That's all theoretical rates. On a logic analyzer the rates run a little slow IIRC due to overhead. And in a throughput sense it is much lower, especially at the high end. At high freq the throughput becomes dominated by the "gaps" between bytes, which are caused by peripheral and ISR processing latency (I2C traffic does not have an unbroken clock, there is usually a turnaround delay after the ACK cycle) . I don't have any logic analyzer plots yet to pair up against the settings.
Click to expand...

From that description, I would say that the code is wrong and should be corrected/changed.
setClock() should set the raw i2c SCL clock rate on the bus.
All the specs in datasheeets for i2c bit rates are based on a maximum SCL clock bit rate not a desired/theoretical/measured actual data rate of user data transfers.
The data rate that the users application code "sees" is not what what is most important as there are several sources of overhead in i2c, some of which cannot be anticipated.
i..e start/stop signals, library overhead, and the slave can even do clock stretching to literally stop the clock or slow it down to any rate it wants.
For example, when an i2c slave device says it supports a 400000 clock, that means it can support a SCL clock rate of up to 400000, and so the Wire s/w needs to guarantee that the SCL clock rate does not ever exceed the requested SCL bit rate.
i.e. if the users application asks for a SCL bit rate of 400000, the master should never exceed 400000 hz on the SCL clock.
From the description of the way the code is currently working, a requested SCL bit rate can be exceeded, so the slave can end up being pushed beyond its specs, particularly when the sketch is asking to set the SCL clock rate to the slaves maximum clock rate and the s/w rounds to using the next higher clock available.
While it is likely that many slaves can be clocked at a rate beyond their specs, I think it is not a good practice to knowingly and intentionally do so.

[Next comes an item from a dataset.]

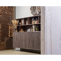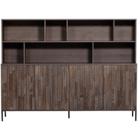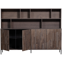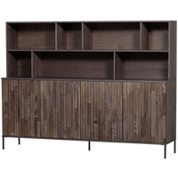 Elegantiška sieninė spintelė NEW GRAVURE – tai išskirtinis baldas, papildantis to paties pavadinimo komodą. Spintelė dengta espresso spalvos uosio faneruotėmis, turi keturias reljefines dureles ir juodos spalvos vidaus apdailą. Joje rasite daugybę vietos daiktams, o atviros lentynos puikiai tiks dekoratyviems akcentams.

Yeah, not being able to support a requested value does suck; however, whenever doing things like delays or clocks, the code should always error on the conservative side to ensure functional limits are not ever exceeded.
And that means when faced with having to use a something that is different than what was asked for, the code must always select using the more conservative choice.
So for delays and clock rates, it means using longer delays, or slower clocks.

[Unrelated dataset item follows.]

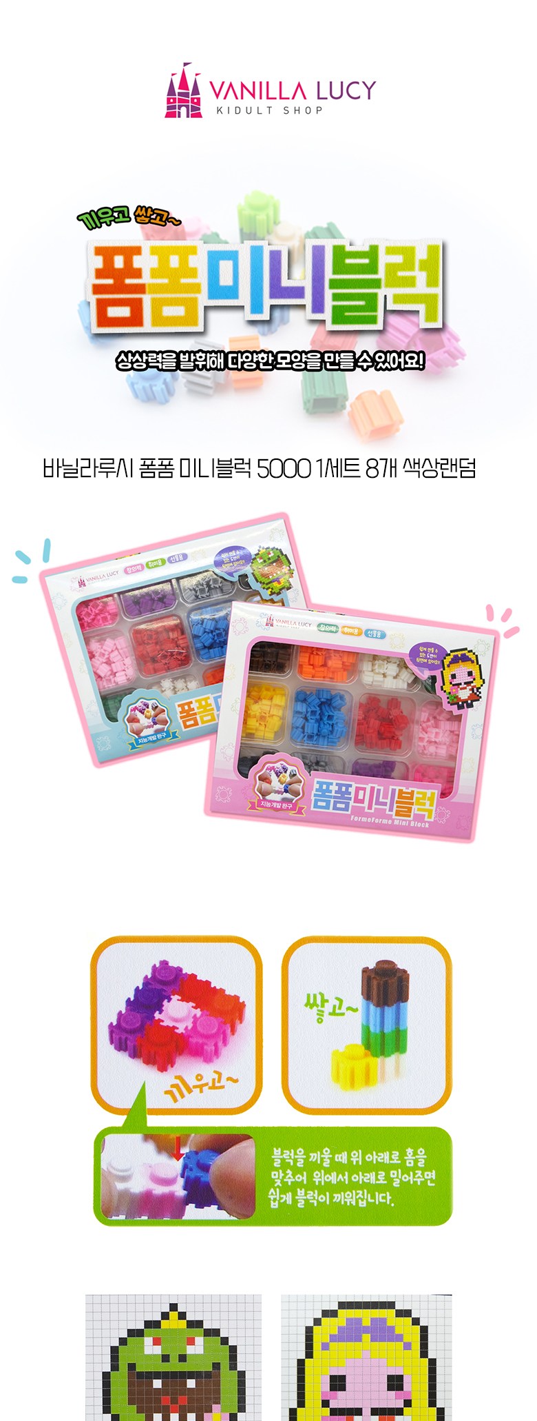 바닐라루시 폼폼 미니블럭 5000 8p, 랜덤발송

It can't go the other way around as then the application never knows what to ask for that guarantees that the result is not exceeding a critical maximum rate or minimum delay.

My openGLCD library has to deal with same kind of issue as well.
There are places where small delays are needed to meet certain timing requirements.
There are certain environments, where the code may need a 140ns delay, but it isn't possible, so the code is forced to use delays that are longer, in some cases MUCH longer like 1us or even longer.
The longer needed delays means that performance takes a hit,
but that is the way it needs to work, so that the code always "just works" with no surprises or flakiness in any environment.
If doing it the other way, there are environments, where things stop working correctly, or get very flaky.

As a general rule,
I think code should first "just work" in all environments, then after that it is achieved, it can choose to optimize performance when possible.

So my very strong suggestion, is to make sure that the Wire code always selects a SCL clock rate that is the highest rate possible that never exceeds the requested rate.
Anything else, will eventually come back around with subtle issues/errors that can potentially be difficult to track down as they may only show up in very specific environments.

BTW, a logic analyzer is the only way to verify this kind of low level timing since it is the low level bit clock timing that matters.
For this measurement, a slave is not needed - and in fact should not be used, to ensure that no slave clock stretching is done during the measurements.

--- bill
 
Last edited:
defragster said:
I've checked and counted and reversed the wires at 3&4. As noted - I can pull the display off Wire1 and get a timeout - I still hang with Wire2?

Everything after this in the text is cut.